Someone saw Sam. There was a scream then scared silence as they waited to see what latest trick the night had in store. Sam expected knives or clubs to suddenly materialize if he stepped closer, while the crowd – which wasn’t much of a crowd when he looked again, a dozen people, no more – weren’t sure what ghost was going to come back to fight them if they dared believe there was a way out of their nightmare.
As it was, Sam took a second huge risk. He walked toward the crowd of people, one hand pulling the old man along and the other at his side, unsure whether to wave or hold it up to show he meant no harm. The air brought goose-pimples to his arms. Eleven people, he counted. That made thirteen of them. Sam decided then and there that he wasn’t a superstitious man.
“Sam?”
Sam turned to see who knew him – but in a village this size the answer was everyone. It was a small woman with distinctly oriental features. In her hand she held a breadknife. Her scrutiny of him was both lengthy and unapologetic. “I’m clean,” he said, holding out both hands now for inspection. It was a line he had seen time and again on TV shows and it seemed appropriate for the situation. She seemed to understand well enough what he meant.
“What are we going to do?” Someone asked, their voice full of self-pity.
“I’m not telling you to come with me, mate. What I am saying is that the smart people will be the ones who get out of this place and leave it to the professionals to sort the shit out. I’m getting out of here and anyone who wants to follow is welcome to follow but no one is being forced.”

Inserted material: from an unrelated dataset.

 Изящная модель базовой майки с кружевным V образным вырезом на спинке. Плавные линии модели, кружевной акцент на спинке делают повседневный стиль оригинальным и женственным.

“Easy as pie,” the dissenter said mockingly.
The old man surprised Sam by saying, “Fine, go your own way, lad. It’s your funeral, not his, not mine, and not anyone else who comes with us.”

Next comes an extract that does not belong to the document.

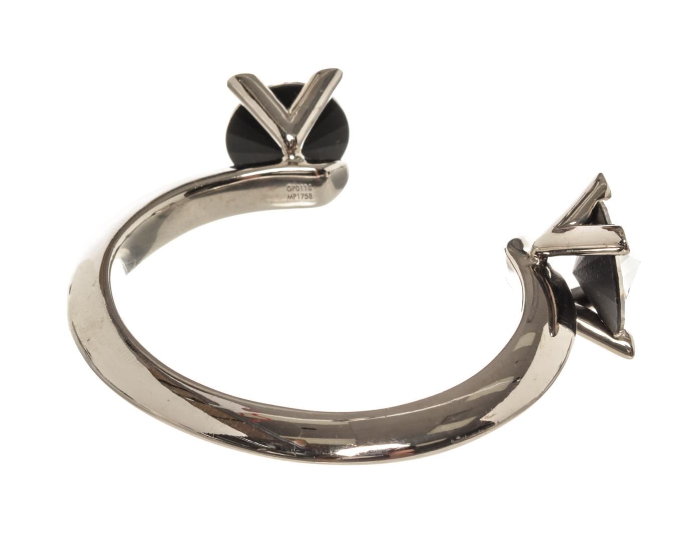 One Louis Vuitton V Cuff Metal with Crystals Silver. Item is sold AS-IS. All available information is listed in the description and shown in the photo. Louis Vuitton V Cuff Metal with Crystals Silver

The dissenter looked across at Sam, his face suddenly haggard. The life had gone from his eyes. Sam saw that look, recognized it and shook his head. “I don’t have the answers, I’m sorry. You’ve got to make up your own mind.”
“Listen to me,” the dissenter said, pushing forward. “They’re killing people back there. Why should they let us walk out? Because you say so, Sam? Your uniform doesn’t mean crap anymore.”
Sirens began cutting through the noise in the street.
Suddenly anothe
r explosion, a long slim blue flame hissed out halfway across the street – their street – as a gas pipe blew out into a dragon’s tongue of fire. The explosion sent debris raining into the road. As Sam turned his head looking for the perpetrator, the dissenter said, “Fuck it, let’s just get out of here and argue about it later.”
It felt strange watching the fire from a safe distance, but who could say just how long safe was going to remain that way? Not Sam, not the dissenter in the crowd, not the old man, none of them.
These people were putting their trust in him. He was responsible for them now. He couldn’t pretend to be delighted with the arrangement. Sam shook his head wildly. What the hell am I doing here?
“Come on, and keep the noise down. We don’t need the wrong people hearing.”
They came to the junction with the High Street, out of the centre of the village itself, close in fact to where the High Street became the Spine Road. Sam looked east, back toward the village where so many houses wore the rainbow halo of fire. He turned his back on it.
The night chill had deepened during the time it had taken to come this far. The rain was no less insistent.
It was impossible to read the geography of the riot from this distance. He had to content himself with the knowledge that the Kid Pack weren’t streaming out of the rain on his heels. He couldn’t see a soul.
“It’s okay folks, just around the corner and we hit the Spine Road, then the motorway, and we’re out of here.”